Open Polytechnic Bachelor of Library and Information Studies graduates donned academic regalia and walked across the stage to loud applause at recent ceremonies. Two Auckland graduates, Debra Airey and Amy Luxton-Esler, say their studies have helped them progress their careers.
Debra Airey’s interest in the library and information sector was sparked when she worked at a school library. Wanting to expand her knowledge, she enrolled in the Bachelor of Arts, majoring in Library and Information Studies. In her final year of study, she took the LIS705, ‘Library and Information Studies Project’ course, which involves a research practicum. Debra chose to do hers at Auckland Libraries. Reflecting on her practicum she says, “This experience has been invaluable to me, as it gave me an understanding of one way that libraries can serve their communities.”
Debra says attending the graduation ceremony was very important to her. “I felt so proud of myself. I could not believe that I had accomplished my degree. It was an incredible day and one I will remember.”

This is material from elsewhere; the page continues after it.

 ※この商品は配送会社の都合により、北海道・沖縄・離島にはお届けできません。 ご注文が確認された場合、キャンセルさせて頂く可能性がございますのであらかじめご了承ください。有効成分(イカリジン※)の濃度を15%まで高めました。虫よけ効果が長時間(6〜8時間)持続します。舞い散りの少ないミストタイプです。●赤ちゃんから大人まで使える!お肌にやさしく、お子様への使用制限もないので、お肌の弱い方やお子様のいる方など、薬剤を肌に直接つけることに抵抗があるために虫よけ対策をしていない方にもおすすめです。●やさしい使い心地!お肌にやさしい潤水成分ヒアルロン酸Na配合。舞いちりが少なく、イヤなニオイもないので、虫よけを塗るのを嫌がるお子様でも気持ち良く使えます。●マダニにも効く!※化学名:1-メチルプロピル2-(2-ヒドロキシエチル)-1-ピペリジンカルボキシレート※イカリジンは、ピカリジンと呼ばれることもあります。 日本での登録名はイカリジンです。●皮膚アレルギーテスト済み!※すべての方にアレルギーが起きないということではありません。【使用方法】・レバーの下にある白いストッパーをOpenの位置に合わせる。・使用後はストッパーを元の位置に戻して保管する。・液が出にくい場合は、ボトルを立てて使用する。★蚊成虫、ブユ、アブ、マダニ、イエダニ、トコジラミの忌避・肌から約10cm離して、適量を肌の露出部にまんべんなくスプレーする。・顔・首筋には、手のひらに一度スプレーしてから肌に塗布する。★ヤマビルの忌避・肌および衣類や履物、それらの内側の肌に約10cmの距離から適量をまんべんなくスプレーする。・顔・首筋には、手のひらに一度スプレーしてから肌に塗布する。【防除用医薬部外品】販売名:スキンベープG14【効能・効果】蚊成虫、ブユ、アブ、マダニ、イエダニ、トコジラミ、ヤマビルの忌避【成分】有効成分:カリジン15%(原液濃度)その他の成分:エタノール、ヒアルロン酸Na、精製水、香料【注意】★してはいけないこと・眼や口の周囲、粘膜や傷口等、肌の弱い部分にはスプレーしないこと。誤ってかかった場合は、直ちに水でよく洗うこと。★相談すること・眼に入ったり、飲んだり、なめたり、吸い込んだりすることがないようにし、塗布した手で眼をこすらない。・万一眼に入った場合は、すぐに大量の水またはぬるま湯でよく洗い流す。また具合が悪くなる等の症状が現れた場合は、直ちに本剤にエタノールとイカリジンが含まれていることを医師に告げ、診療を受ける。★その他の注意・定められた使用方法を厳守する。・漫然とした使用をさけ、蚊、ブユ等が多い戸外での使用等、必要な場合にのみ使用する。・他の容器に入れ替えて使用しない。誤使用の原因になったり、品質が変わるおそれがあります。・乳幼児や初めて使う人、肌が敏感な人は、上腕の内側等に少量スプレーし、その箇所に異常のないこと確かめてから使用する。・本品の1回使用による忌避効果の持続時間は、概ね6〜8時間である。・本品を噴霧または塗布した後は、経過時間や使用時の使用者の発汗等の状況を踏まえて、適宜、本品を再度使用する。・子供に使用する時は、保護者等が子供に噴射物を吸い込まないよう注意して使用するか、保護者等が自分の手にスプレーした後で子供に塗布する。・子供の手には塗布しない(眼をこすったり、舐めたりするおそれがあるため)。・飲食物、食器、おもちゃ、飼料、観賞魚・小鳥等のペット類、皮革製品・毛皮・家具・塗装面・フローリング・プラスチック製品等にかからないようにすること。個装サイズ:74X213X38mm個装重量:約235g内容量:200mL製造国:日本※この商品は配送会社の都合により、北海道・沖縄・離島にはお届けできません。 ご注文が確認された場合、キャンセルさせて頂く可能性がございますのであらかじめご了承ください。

Fellow Bachelor of Library and Information Studies student Amy Luxton-Esler has also had career success since completing her degree. For the LIS705 course, she completed her practicum at Blind Low Vision NZ. Before her placement ended, she signed up as a volunteer so the archive project she was working on over the duration of her placement could continue. Due to her work with the organisation and relationships she built while volunteering there, she was their first choice when the role of cataloguer and metadata librarian became available.

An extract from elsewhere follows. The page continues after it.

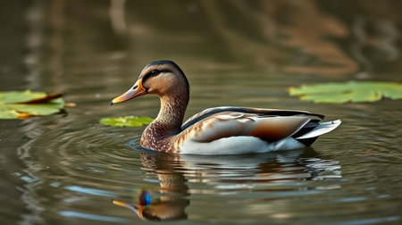 Mallard duck swimming peacefully in a tranquil pond surrounded by lily pads during a sunny day
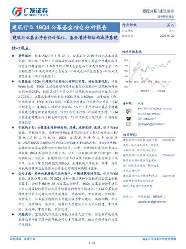 【广发证券】【20200123】建筑行业19Q4公募基金持仓分析报告-10页

Amy would encourage others interested in the library and information industry to study online with Open Polytechnic. She says, “If anyone’s planning to study with Open Polytechnic, go for it! The lecturers and other learners are always happy to assist with queries.”
Amy says her highlight on graduation day was “finally having the official acknowledgement of the degree being completed and celebrating with family.”
Senior lecturers in library and information studies, Jan Irvine and Pam Bidwell enjoyed watching learners they had taught graduate at the Auckland ceremony. “It’s a great opportunity for us to finally meet our learners face-to-face, share the occasion with them, and chat with them about where they are now,” says Jan. Pam says she is always moved when she watches learners graduate, saying, “As our students often study with us for several courses, we can get to know them quite well. We always clap hard as we watch them walk across the stage.”